Sea ice differs between the Arctic and Antarctic, primarily because of their different geography. The Arctic is a semi-enclosed ocean, almost completely surrounded by land. As a result, the sea ice that forms in the Arctic is not as mobile as sea ice in the Antarctic. Although sea ice moves around the Arctic basin, it tends to stay in the cold Arctic waters.

The Antarctic is almost a geographic opposite of the Arctic, because Antarctica is a land mass surrounded by an ocean. The open ocean allows the forming sea ice to move more freely, resulting in higher drift speeds. However, Antarctic sea ice forms ridges much less often than sea ice in the Arctic.

So it’s fair to say that the two regions are not easy to compare. Most climate scientists seem to agree that the Arctic sea ice is more vulnerable and therfore a better indicator for climate change. But we will see if this opinion will hold if times change and Antarctic sea ice starts decreasing.

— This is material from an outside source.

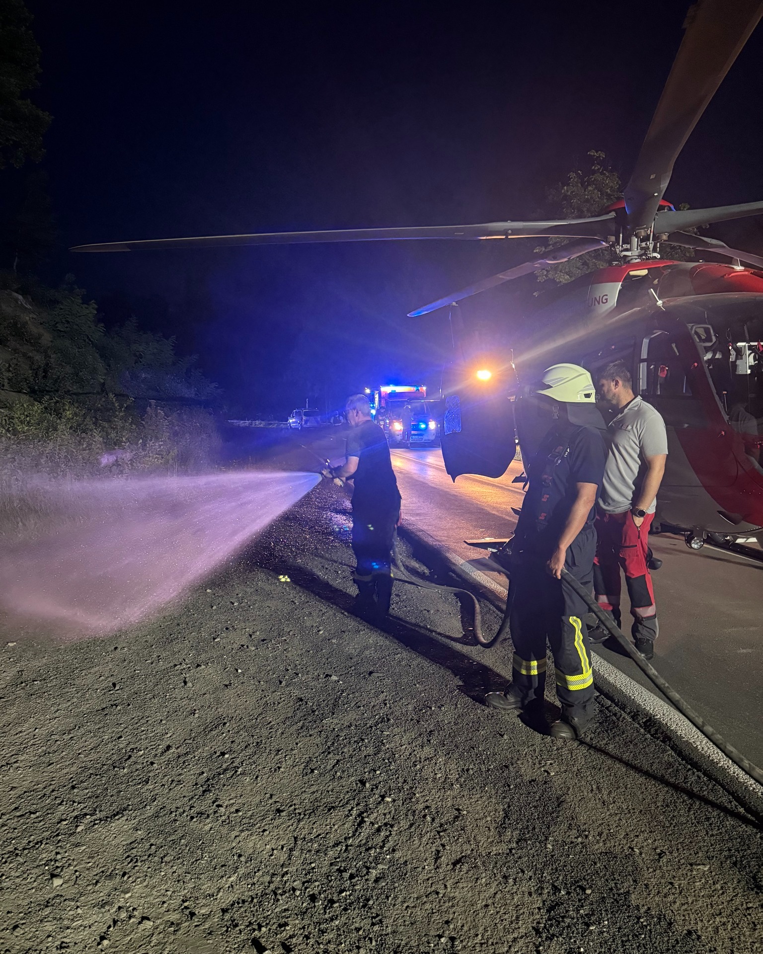 Aufgrund der einsetzenden Dunkelheit alarmierte die Leitstelle Sauerland gegen 21:13 Uhr die Einheit Langscheid zur Ausleuchtung und Absicherung der Einsatzstelle, um dem Rettungshubschrauber Christoph Gießen eine reibungslose Landung zu ermöglichen. Im Zuge der Absicherungsmaßnahmen wurde u. a. auch eine Schotterfläche mit dem Schnellangriffsrohr befeuchtet, um die Staubbildung beim Abflug des Hubschraubers zu minimieren.

Back to the question whether it is a coincidence that the record low in the Arctic is combined with a record high in the Antarctic. In the last decade there have been some studies about what is called the polar see-saw hypothesis, the idea that climates of the Northern and the Southern hemisphere are out of phase. There even is a wiki page although that one is rather short.

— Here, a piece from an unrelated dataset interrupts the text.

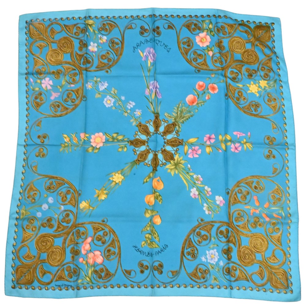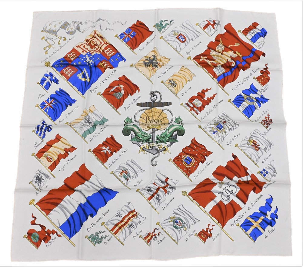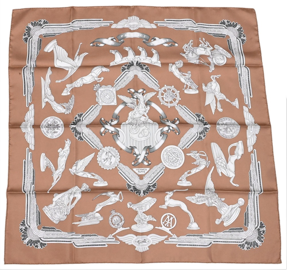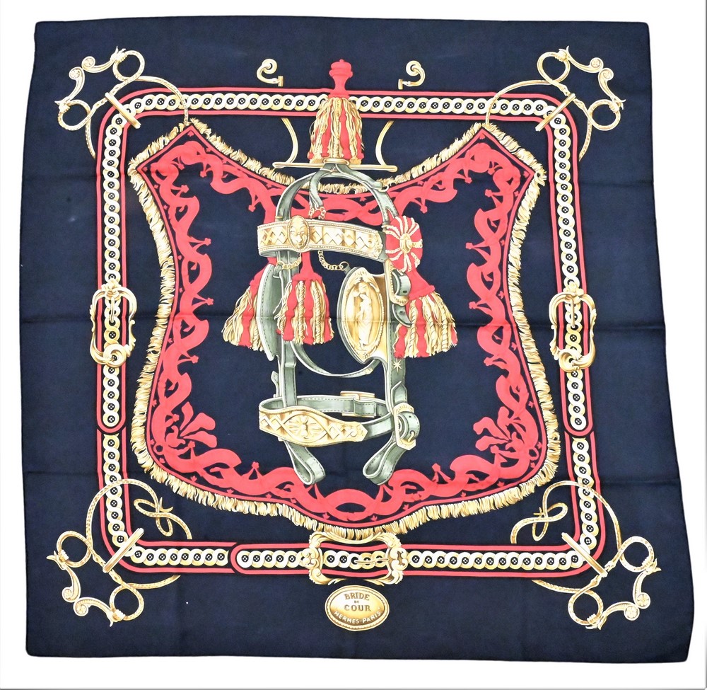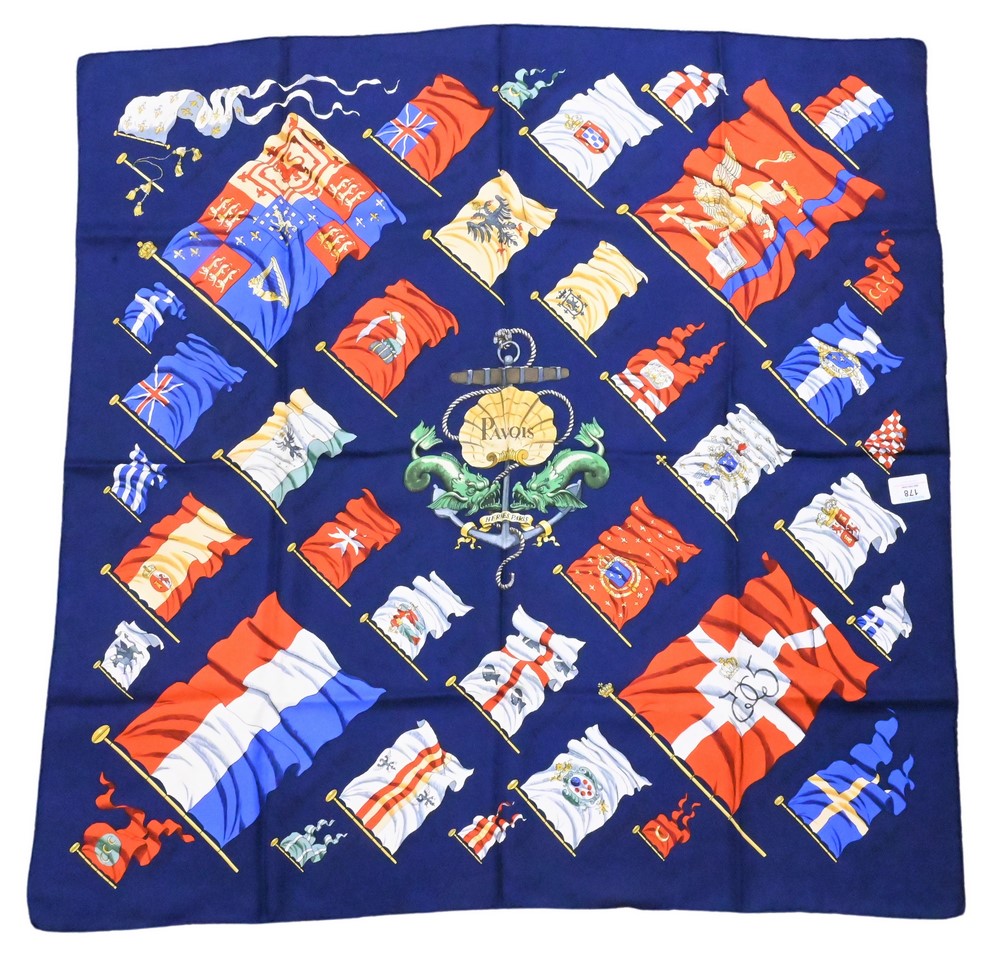 Four Piece Hermes Group, to include two silk ascots with round container; a silk Tournesols handkerchief with box; along with a black and white equestrian handkerchief with box.

By far the most relevant and interesting paper I found is Twentieth century bipolar seesaw of the Arctic and Antarctic surface air temperatures by Petr Chylek, a wellknown scientist with a slightly skeptical profile.

Their abstract:

Understanding the phase relationship between climate changes in the Arctic and Antarctic regions is essential for our understanding of the dynamics of the Earth’s climate system. In this paper we show that the 20th century de-trended Arctic and Antarctic temperatures vary in anti-phase seesaw pattern – when the Arctic warms the Antarctica cools and visa versa. This is the first time that a bi-polar seesaw pattern has been identified in the 20th century Arctic and Antarctic temperature records. The Arctic (Antarctic) de-trended temperatures are highly correlated (anti-correlated) with the Atlantic Multi-decadal Oscillation (AMO) index suggesting the Atlantic Ocean as a possible link between the climate variability of the Arctic and Antarctic regions. Recent accelerated warming of the Arctic results from a positive reinforcement of the linear warming trend (due to an increasing concentration of greenhouse gases and other possible forcings) by the warming phase of the multidecadal climate variability (due to fluctuations of the Atlantic Ocean circulation).

Anticorrelation
Their paper suggests there is a strong anticorrelation between the Artic and the Antarctic with a peak of -0.89 when using a 17 year smoothing of the temperature data. Their figure 2a is quite interesting:

Figure 2. (a) De-trended Arctic (blue) and Antarctic (red) temperature time series smoothed by a 11 year running average (thin lines) or 17 year running average (thick lines), and (b) the AMO index [after Parker et al., 2007] annual values (thin line) and 17 year running average (thick line).

 

 

 

 

 

 

 

 

 

 

 

So the anticorrelation between the poles seems to have been there for some time. It’s not so easy to come up with a physical mechanism although the high correlation with the AMO seems to indicate an important role for the Atlantic Ocean. Chylek:

The high correlation of the polar de-trended temperature time series with the AMO index suggests that the variability of the Atlantic ocean circulation might serve as a link with the bi-polar temperature seesaw pattern. The observed seesaw pattern is consistent with the model of the interhemispheric ocean circulation that includes a strong upwelling along the Antarctic Circumpolar Current.

To conclude I think much more research should focus on this highly intriguing anticorrelation between the Arctic and the Antarctic. But this probably will only start when a shifting AMO really reverses the trend on both poles.